Lectio Divina means “Divine Reading.” This method of reading Scripture comes from our Benedictine traditions. This is not a theological analysis of Scripture. It is simply about reading and reflecting with the desire to commune with God while trusting the words of Hebrews 4:12-13 & 2 Timothy 3:16-17.
The roots of Scriptural reflection and interpretation go back to a Church Father named Origen in the 3rd century, after whom St. Ambrose taught this approach to St. Augustine. The “formal” monastic practice of Lectio Divina was first established in the 6th century by Saint Benedict. It was then formalized as a four-move process by the Carthusian monk, Guigo II, in the 12th century.

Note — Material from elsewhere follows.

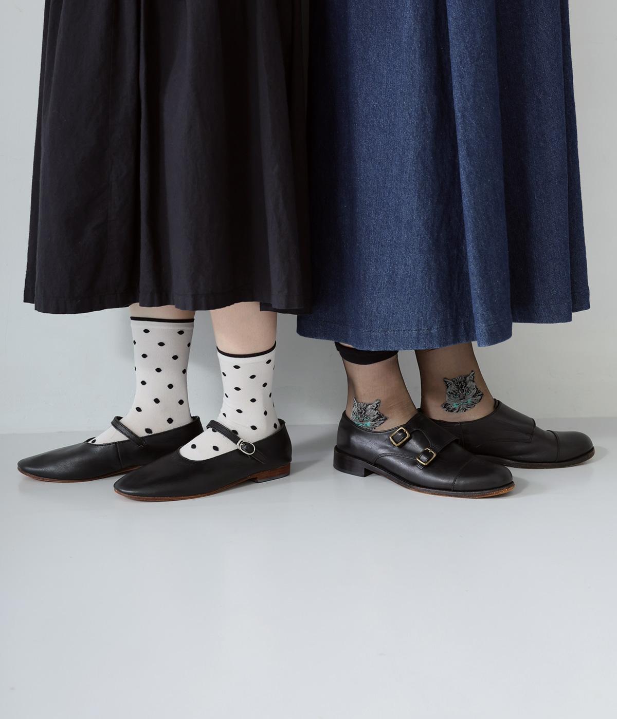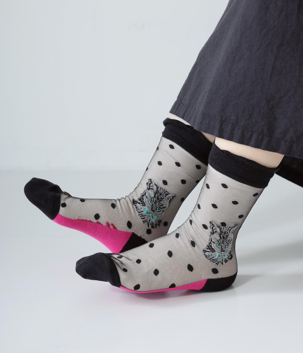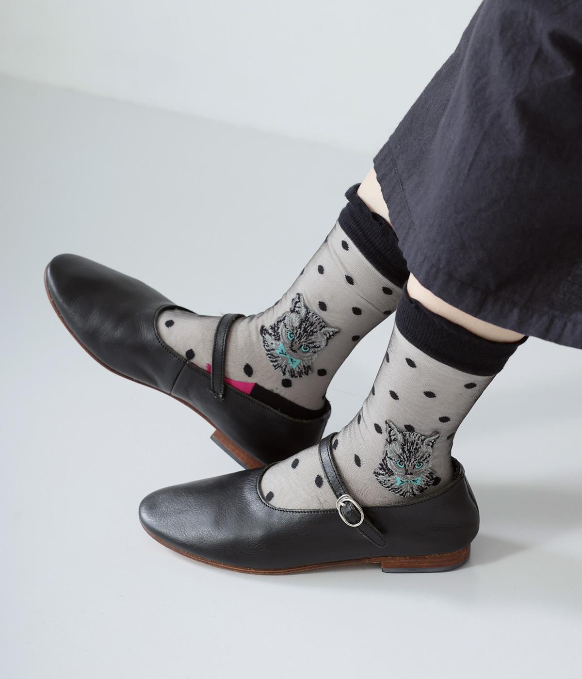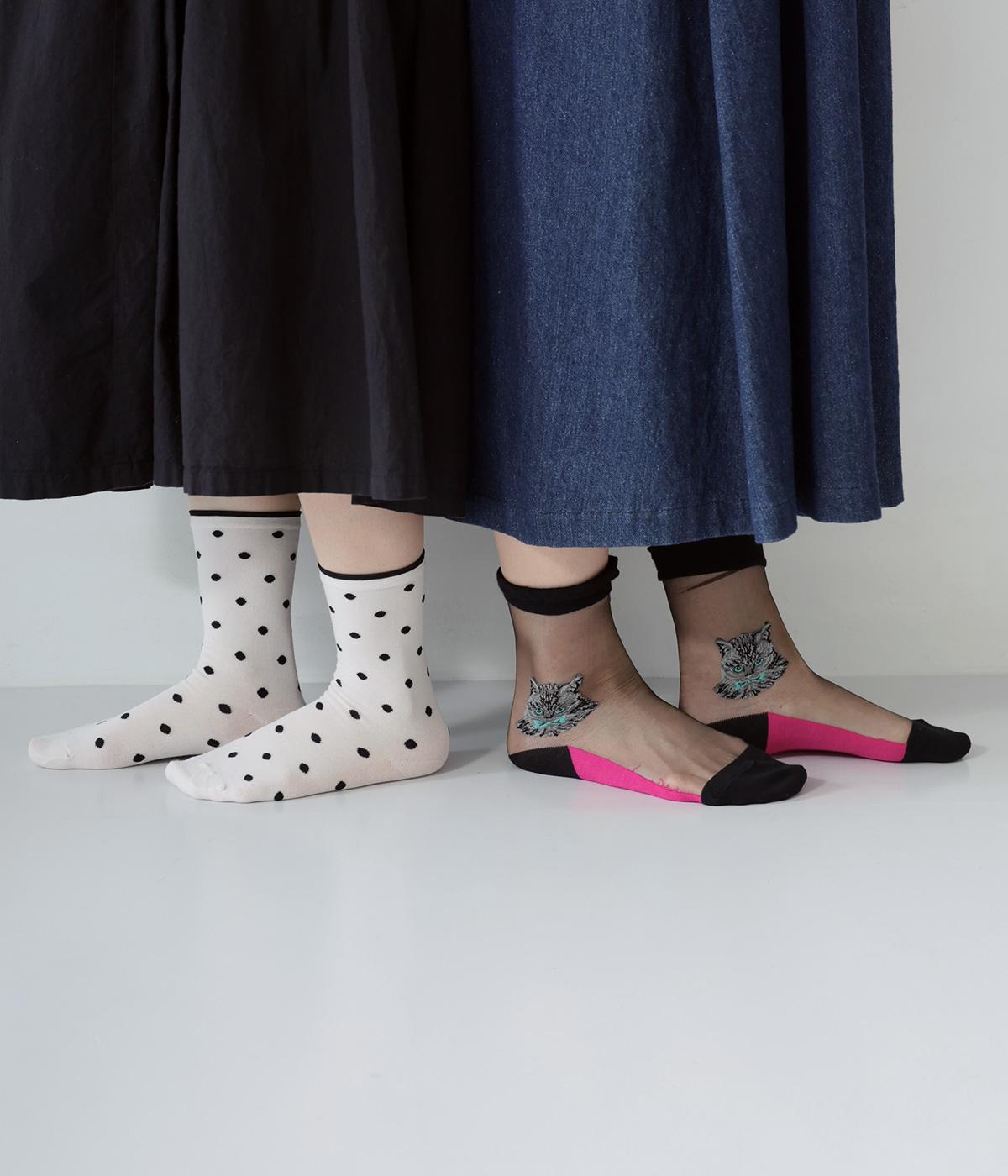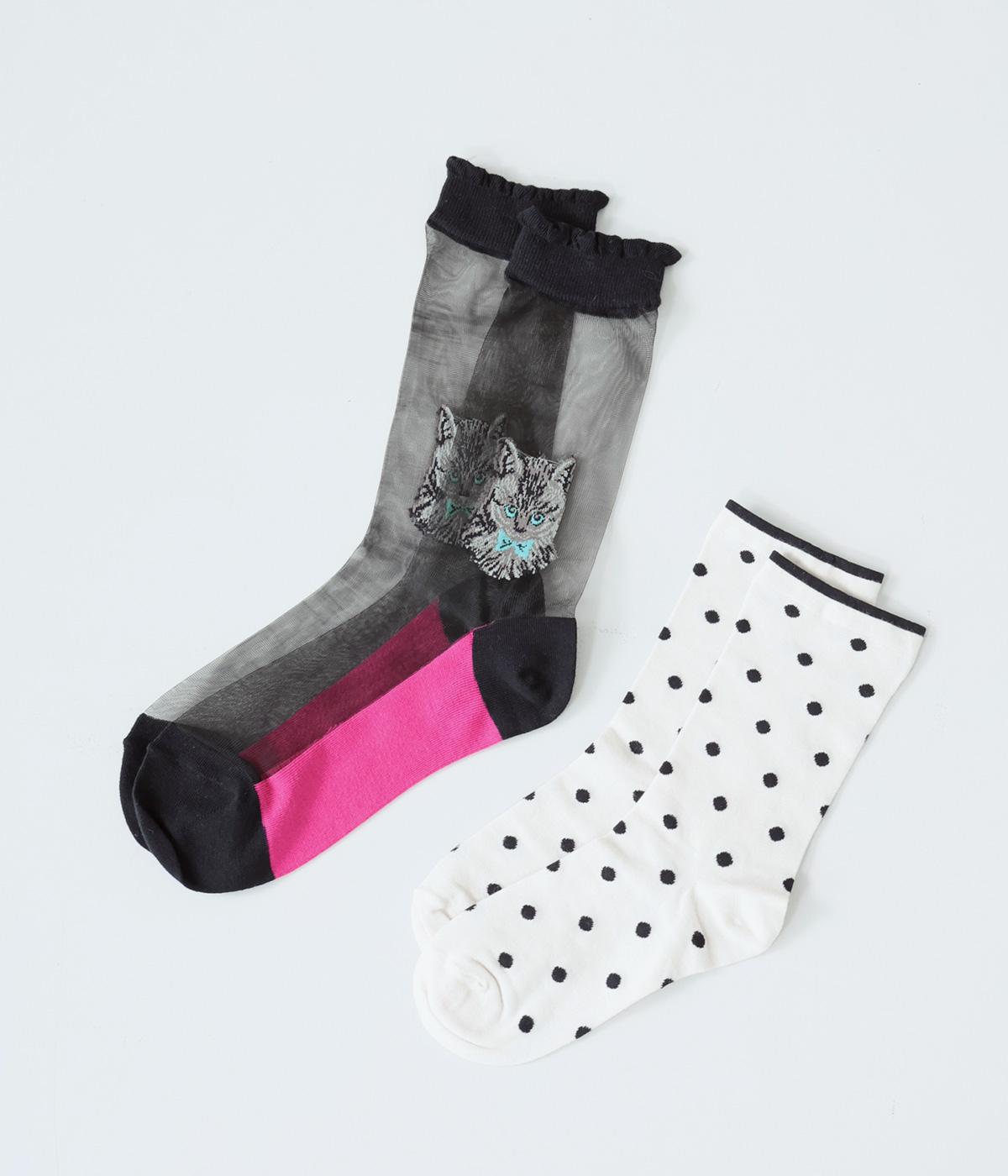ドット柄ソックスと、愛らしい猫をデザインしたシースルーソックスの2足セット。それぞれ一枚ではもちろん、重ねるとより華やかなデザインをたのしめます。サンダルやパンプスにも相性がよく、コーディネートのアクセントにぴったりです。

There are four basic moves in Lectio Devina. They are called moves and not steps, because it is not intended as a four-step linear process. I encourage it you to view it as a movement between states of awareness. Let it each move be a natural progression.
Lectio is about Listening: “Reading Deeply”
Get into a comfortable position and begin with silence before God in preparation for you heart to listen. Now read the text out loud.
Savor each word. Listen for a particular phrase that speaks to you.
Ask God, “What word or phrase do you want me to hear today?
Take a few moments to reflect
Share Aloud with a word or phrase
(No elaboration is needed. Do not give a word that isn’t present in the text. In other words, don’t make application. Simply let God speak through His word slowly and identify a word or phrase directly from the translation of Scripture you are reading.)
Meditatio is about Meditation: “Thinking Deeply”
Read the text out loud again. If in a group, allow someone else to read it as a different voice provides a different experience.
Slowly repeat the phrase that seems to be for you while I read the passage again. Think on it.
Ask God, “Where does this phrase touch my life?”
Take a moment to reflect.
Share Aloud using phrases such as “I hear…” “I see…” “I feel…”
Oratio is about Prayer & Response: “Living Deeply”
Read the text out loud a third and final time. If in a group, allow someone else to read it as a different voice provides a different experience
To yourself, speak to God in words or images what He put on your heart. That response may be confession, thanksgiving, joy, or even pain.
Ask God, “What do You want me to do in light of this phrase?”
Take a moment to reflect
If in a group, share aloud your response to the aforementioned question. If alone, talk with God in prayer.
Contemplatio is about “Rest”
Simply rest in silence in God’s presence, meditating on this experience with His Living Word.